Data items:
□ □ □
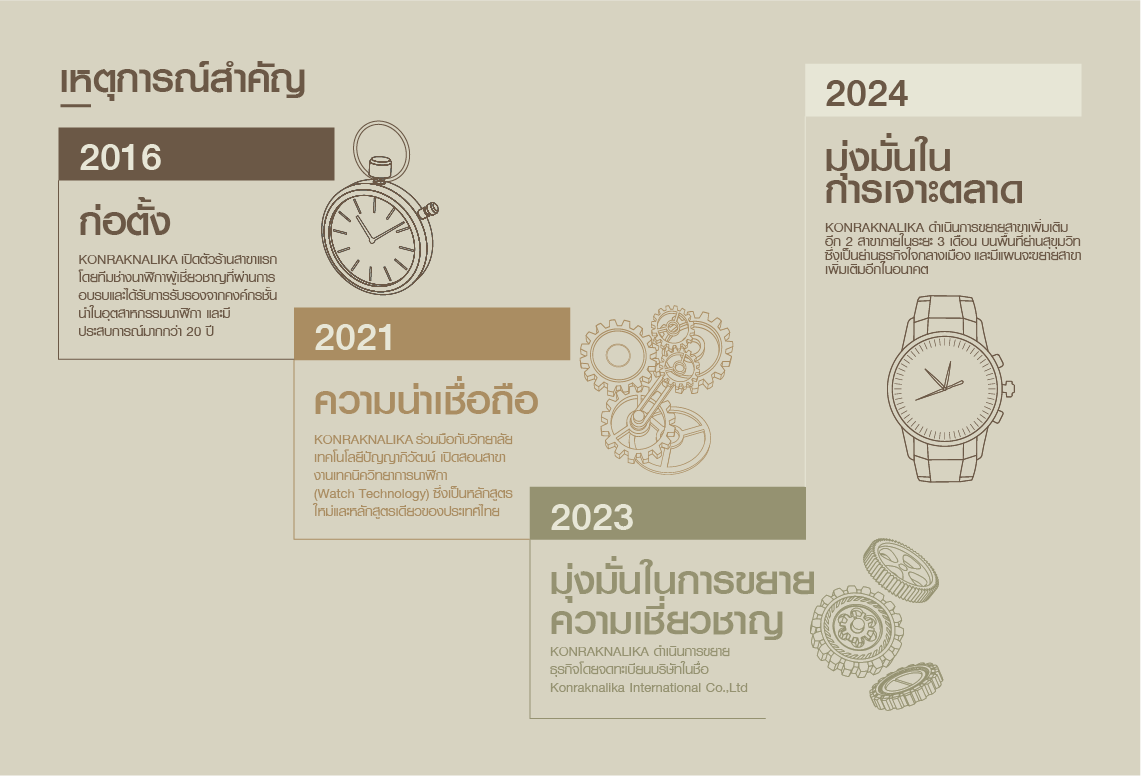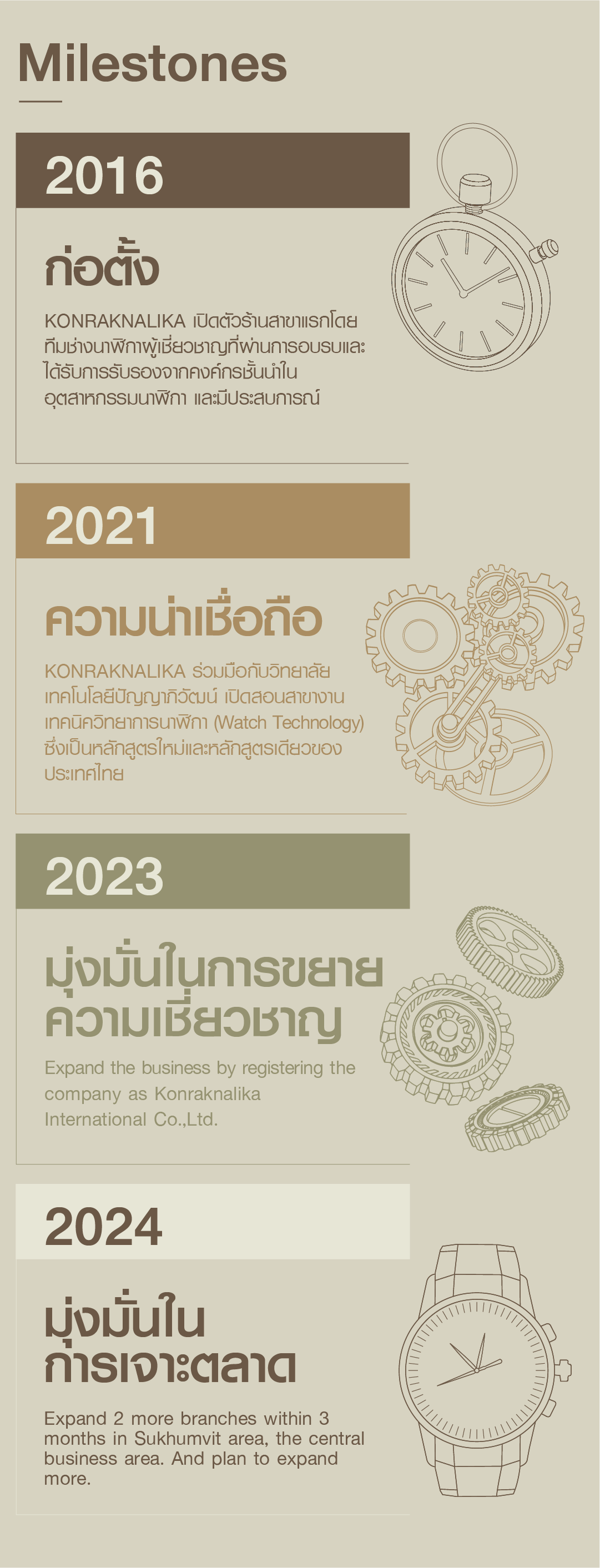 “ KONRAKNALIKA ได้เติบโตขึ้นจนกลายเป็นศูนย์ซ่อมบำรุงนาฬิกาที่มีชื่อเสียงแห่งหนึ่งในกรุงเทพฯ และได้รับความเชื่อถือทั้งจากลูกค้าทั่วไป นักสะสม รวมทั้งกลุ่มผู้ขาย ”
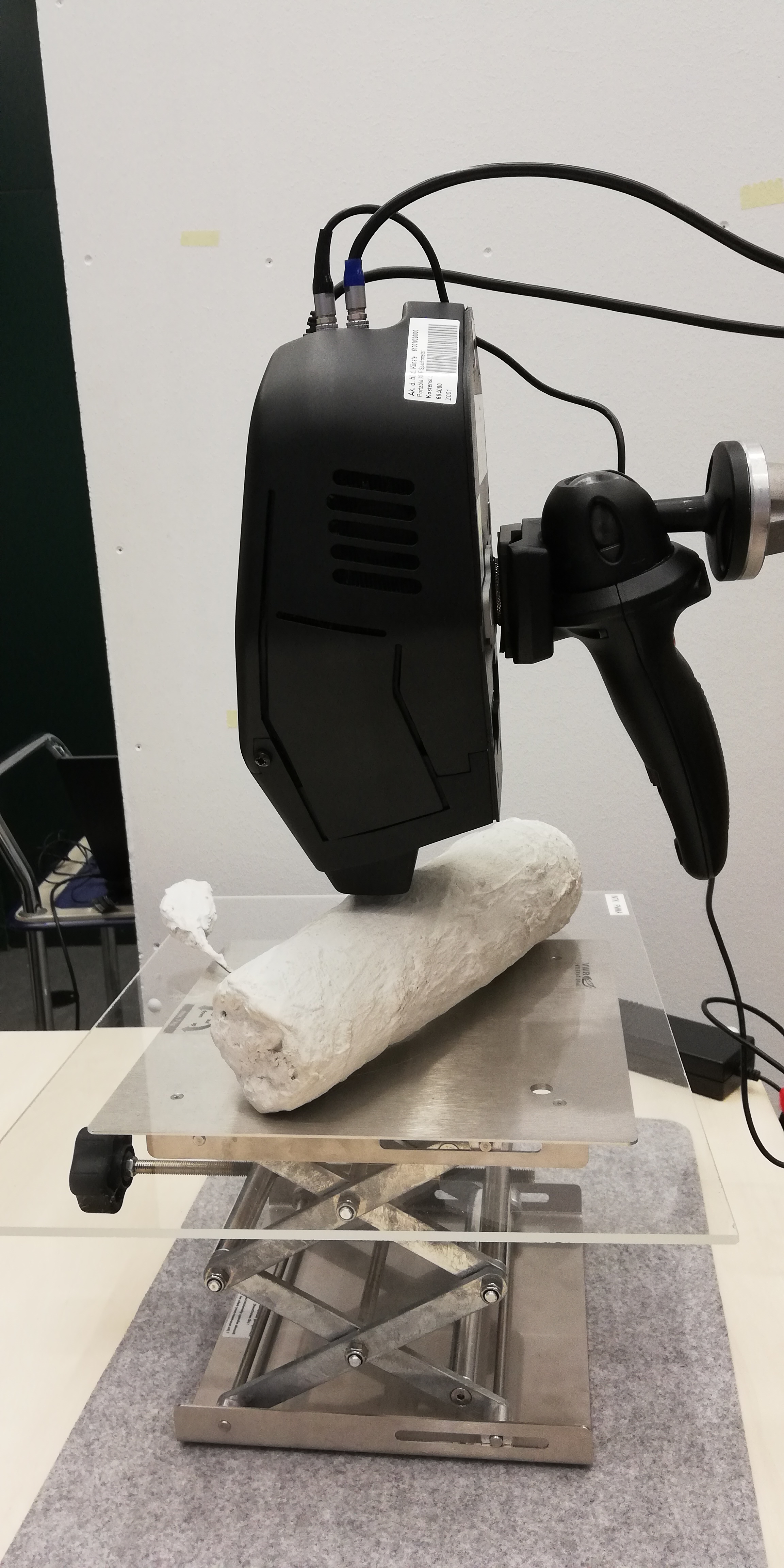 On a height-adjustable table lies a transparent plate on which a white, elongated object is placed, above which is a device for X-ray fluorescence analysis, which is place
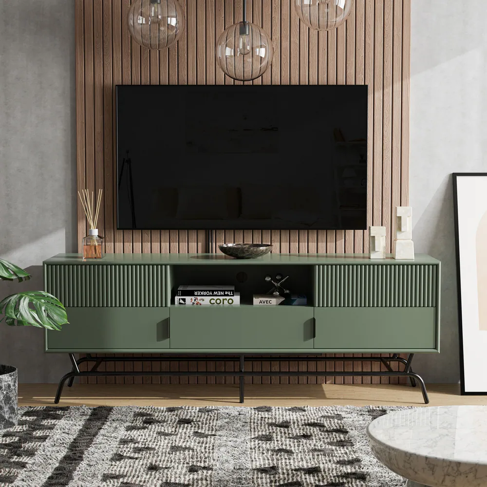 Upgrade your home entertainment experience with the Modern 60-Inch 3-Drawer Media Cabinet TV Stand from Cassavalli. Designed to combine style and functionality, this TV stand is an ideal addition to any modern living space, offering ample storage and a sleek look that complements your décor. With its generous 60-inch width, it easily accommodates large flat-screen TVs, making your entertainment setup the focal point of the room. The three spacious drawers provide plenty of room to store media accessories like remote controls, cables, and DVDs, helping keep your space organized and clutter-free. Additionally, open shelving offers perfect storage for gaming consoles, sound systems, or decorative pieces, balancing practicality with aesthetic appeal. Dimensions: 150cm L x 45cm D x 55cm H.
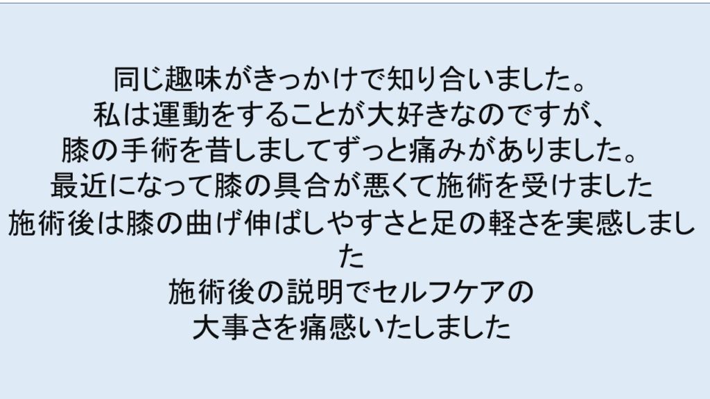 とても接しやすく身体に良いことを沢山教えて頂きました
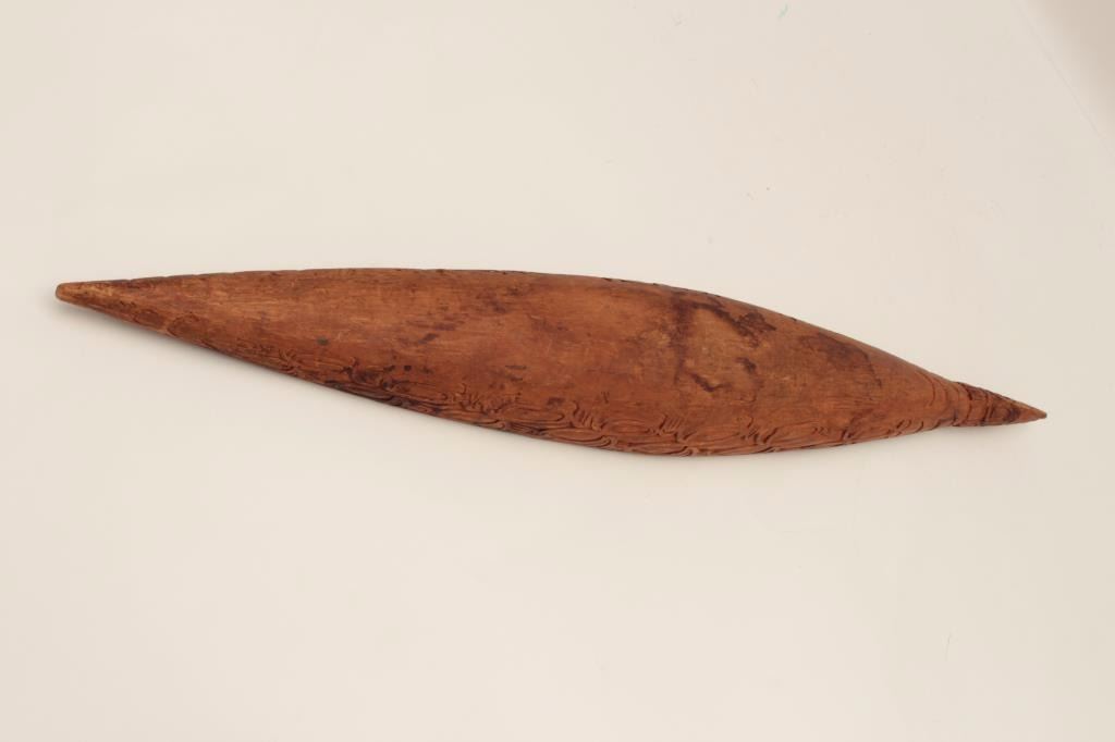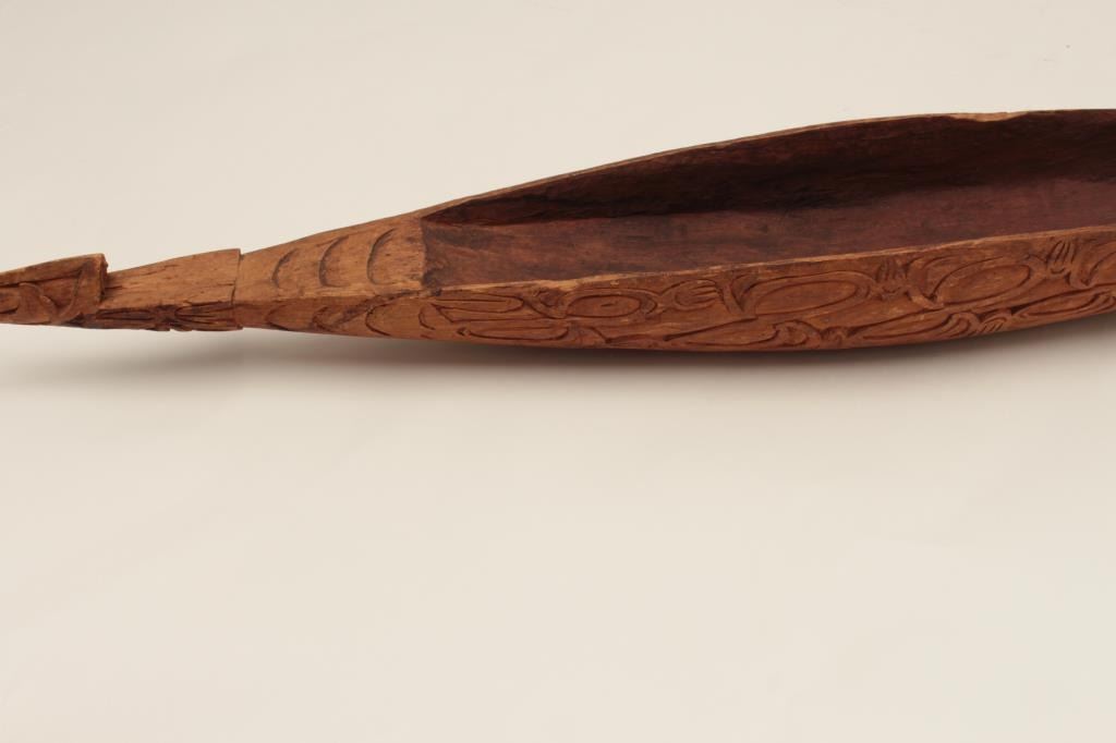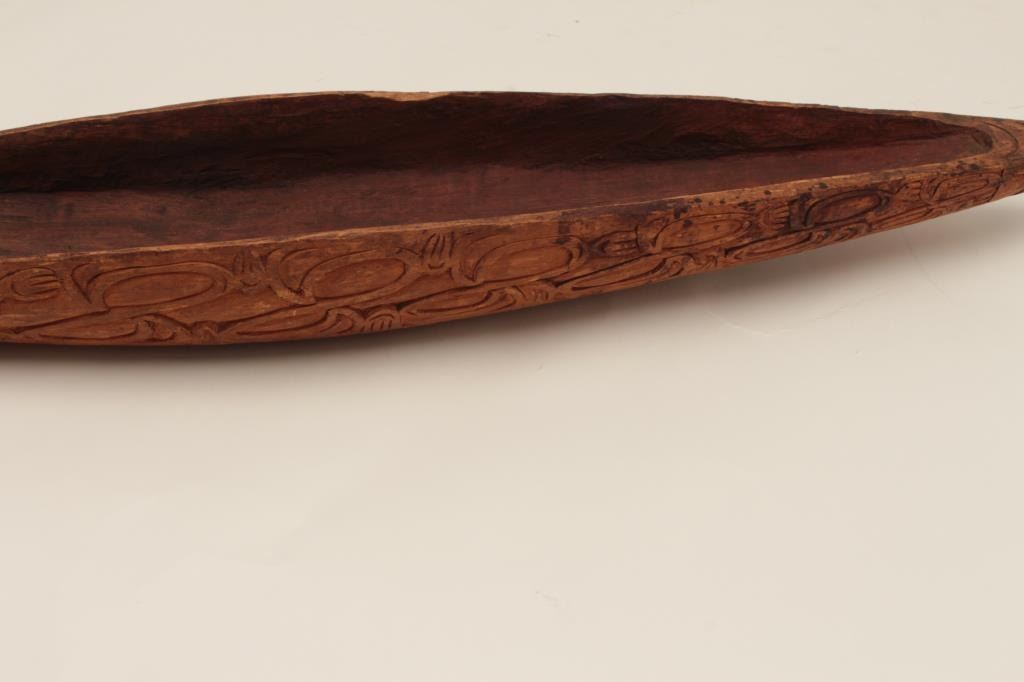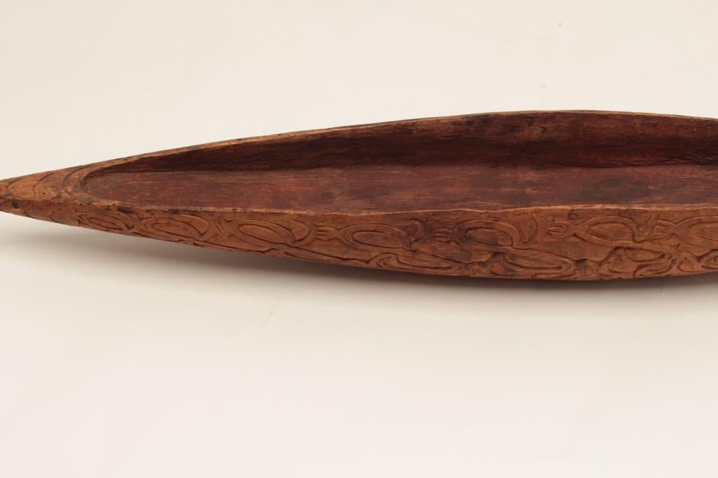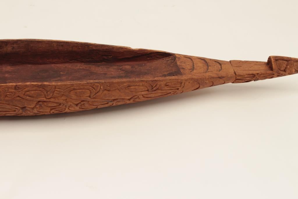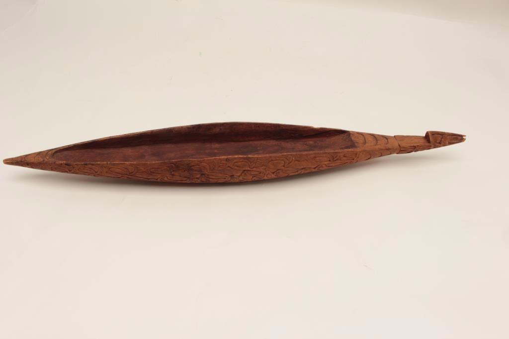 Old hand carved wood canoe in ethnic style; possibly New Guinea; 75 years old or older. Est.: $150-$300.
□ □ □
» What the exercise asks
No pictures belong in the copy. Repeat the entries exactly.

» Answer space
 “ KONRAKNALIKA ได้เติบโตขึ้นจนกลายเป็นศูนย์ซ่อมบำรุงนาฬิกาที่มีชื่อเสียงแห่งหนึ่งในกรุงเทพฯ และได้รับความเชื่อถือทั้งจากลูกค้าทั่วไป นักสะสม รวมทั้งกลุ่มผู้ขาย ”
 On a height-adjustable table lies a transparent plate on which a white, elongated object is placed, above which is a device for X-ray fluorescence analysis, which is place
 Upgrade your home entertainment experience with the Modern 60-Inch 3-Drawer Media Cabinet TV Stand from Cassavalli. Designed to combine style and functionality, this TV stand is an ideal addition to any modern living space, offering ample storage and a sleek look that complements your décor. With its generous 60-inch width, it easily accommodates large flat-screen TVs, making your entertainment setup the focal point of the room. The three spacious drawers provide plenty of room to store media accessories like remote controls, cables, and DVDs, helping keep your space organized and clutter-free. Additionally, open shelving offers perfect storage for gaming consoles, sound systems, or decorative pieces, balancing practicality with aesthetic appeal. Dimensions: 150cm L x 45cm D x 55cm H.
 とても接しやすく身体に良いことを沢山教えて頂きました
 Old hand carved wood canoe in ethnic style; possibly New Guinea; 75 years old or older. Est.: $150-$300.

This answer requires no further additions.